__Data section__:
|---|

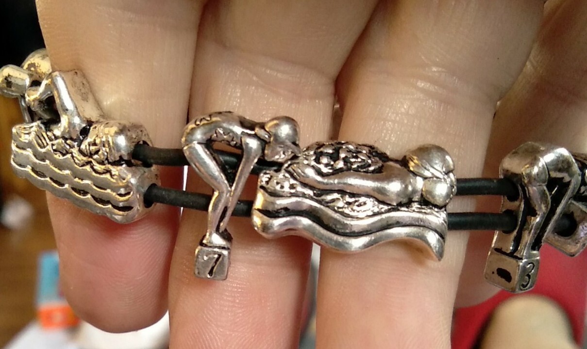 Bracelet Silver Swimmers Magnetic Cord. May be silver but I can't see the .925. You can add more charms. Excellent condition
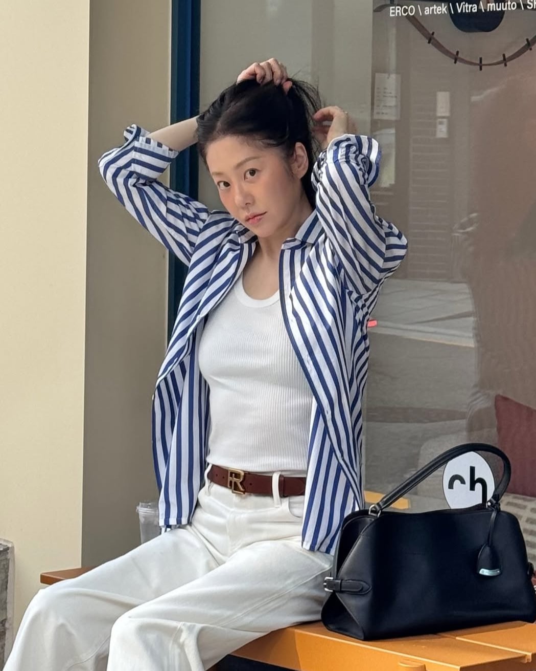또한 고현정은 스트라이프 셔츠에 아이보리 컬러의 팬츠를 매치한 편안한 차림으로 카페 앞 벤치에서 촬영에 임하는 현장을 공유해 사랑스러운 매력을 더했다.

|---|

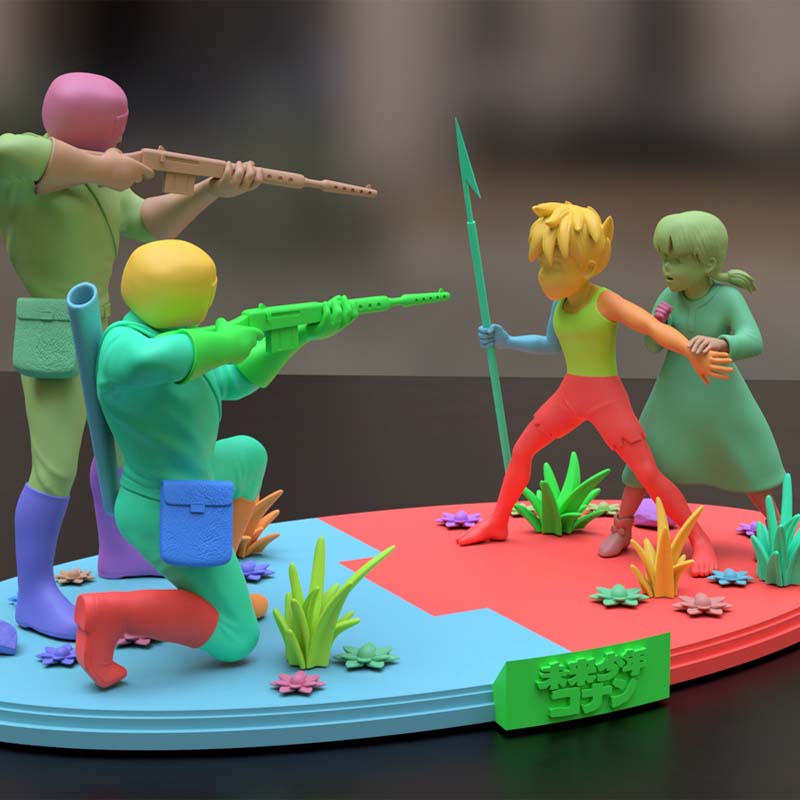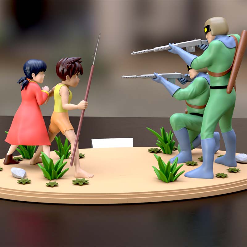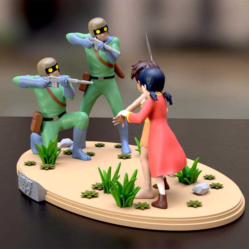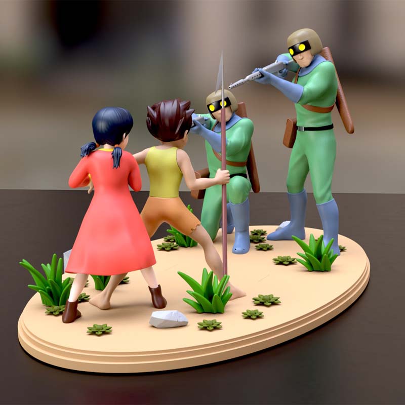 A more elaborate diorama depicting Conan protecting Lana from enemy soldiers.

|---|

__Task to complete__: Among the entries above, locate the line with "Bracelet Silver Swimmers" and the line with "또한 고현정은 스트라이프". Give those two lines and all lines between them again, exactly, leaving out the pictures.

__Response to the task__:
 Bracelet Silver Swimmers Magnetic Cord. May be silver but I can't see the .925. You can add more charms. Excellent condition
또한 고현정은 스트라이프 셔츠에 아이보리 컬러의 팬츠를 매치한 편안한 차림으로 카페 앞 벤치에서 촬영에 임하는 현장을 공유해 사랑스러운 매력을 더했다.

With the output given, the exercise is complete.